D2.368 - Concurrent Hereditary Angioedema Type I and Common Variable Immunodeficiency Presenting as Suspected Antibiotic Hypersensitivity: Case Report and Literature Review

Poster abstract

Background

Hereditary angioedema (HAE) and common variable immunodeficiency (CVID) are rare disorders with heterogeneous clinical presentations that pose significant diagnostic challenges. HAE is characterized by recurrent episodes of subcutaneous or submucosal edema affecting the skin, gastrointestinal tract, or airway, whereas CVID presents with variable immune dysfunction, recurrent infections, and impaired vaccine responses. The clinical manifestations of these conditions can mimic allergic reactions, drug hypersensitivity, mast cell disorders, autoimmune diseases, and other immunodeficiencies, making careful differential diagnosis essential.

Method

We present an exceptionally rare case of a patient with concurrent HAE type I and CVID, initially evaluated for suspected antibiotic hypersensitivity, highlighting the complexity of diagnosis and therapeutic decision-making. We report the case of a 34-year-old man with a family history of HAE type I, but no family history of CVID that addressed to our clinic with a persistent, irritating cough lasting over one month, following an acute upper respiratory tract infection treated with amoxicillin/clavulanic acid.
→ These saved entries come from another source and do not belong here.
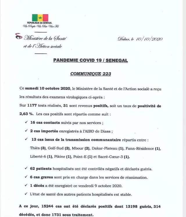 Coronavirus : 31 nouveaux cas positifs ce Samedi 10 Octobre 2020 au Sénégal | Communiqué… Santé 10 octobre 202010 octobre 2020CanalactuPoint de situation Coronavirus : 31 nouveaux cas positifs ce Samedi 10 Octobre 2020 au SénégalPartager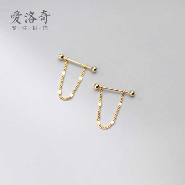 s925 silver asymmetric chain geometric earrings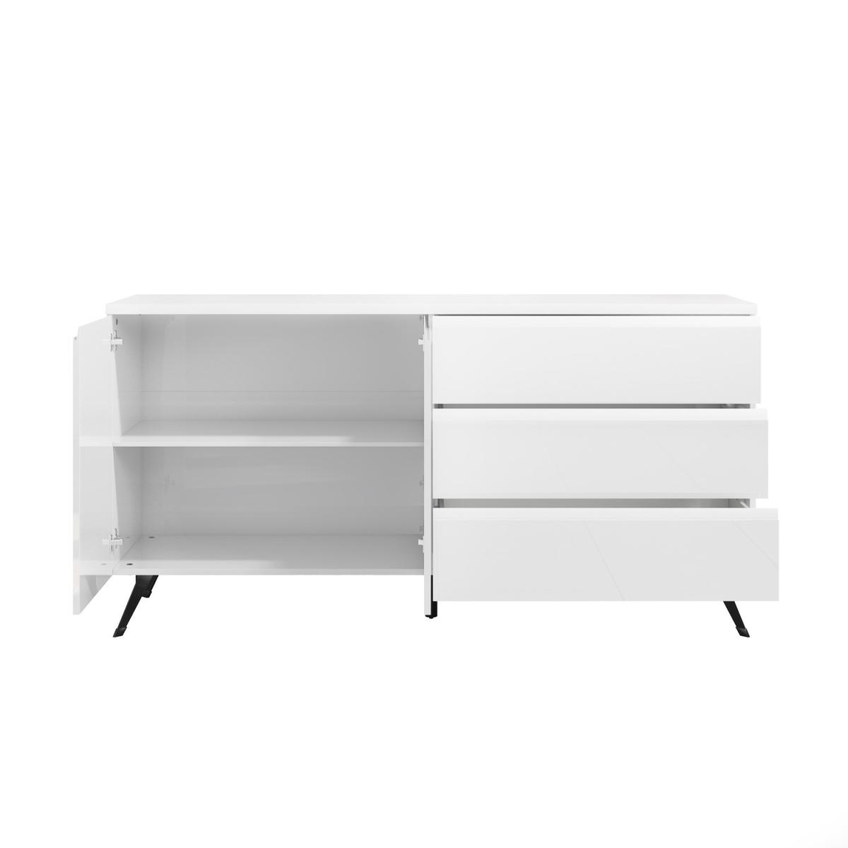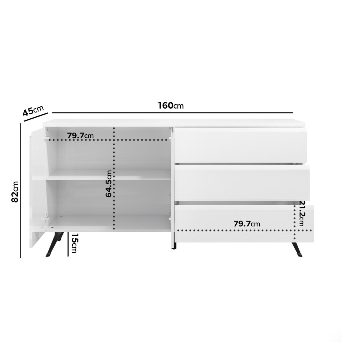 Features we love The white high gloss finish complements the black legs. Clean crisp lines add a distinct contemporary style Sleek storage solution creates a minimalist feel. The perfect addition to enhance your dining room. Matching pieces available in the Rochelle range. Need to know. Dimensions. H82 x W160 x D45 cm Drawer dimensions. H21.2 x W79.7 x D36.8cm Number of drawers. 3 Number of shelves. 2 Colour. White Tabletop Finish. High gloss lacquered MDF Leg finish. Polished powder coated metal Material. MDF and metal Assembly required. Yes..

After completing the antibiotic course, he experienced a severe episode of cough accompanied by dysphonia and inspiratory dyspnea, followed by a brief loss of consciousness, which resulted in a minor car accident.

Laboratory findings confirmed both conditions, showing low C1 inhibitor levels and activity, markedly reduced serum concentrations of immunoglobulin G (including subclasses G1, G2, and G4), immunoglobulin A, and immunoglobulin M, along with a poor specific antibody response to vaccines. Skin allergy and oral provocation tests were negative, effectively ruling out antibiotic hypersensitivity. HLA genotyping revealed HLA-B*35:01 and B*44:01, with homozygosity for HLA-C*04:01, alleles previously associated with increased susceptibility to CVID. Using this case as a framework, we review the literature on coexisting HAE and CVID, examining clinical presentations, diagnostic approaches, biomarker profiles, and reported HLA associations.

Results

We highlighted the critical importance of a comprehensive and personalized therapeutic approach, combining prophylactic and on-demand treatment for HAE with individualized immunoglobulin replacement for CVID.

Conclusion

Integrating detailed clinical assessment with immunologic and genetic testing is essential for the management of rare, complex disorders, and further studies are needed to clarify potential immunogenetic links between HAE and CVID.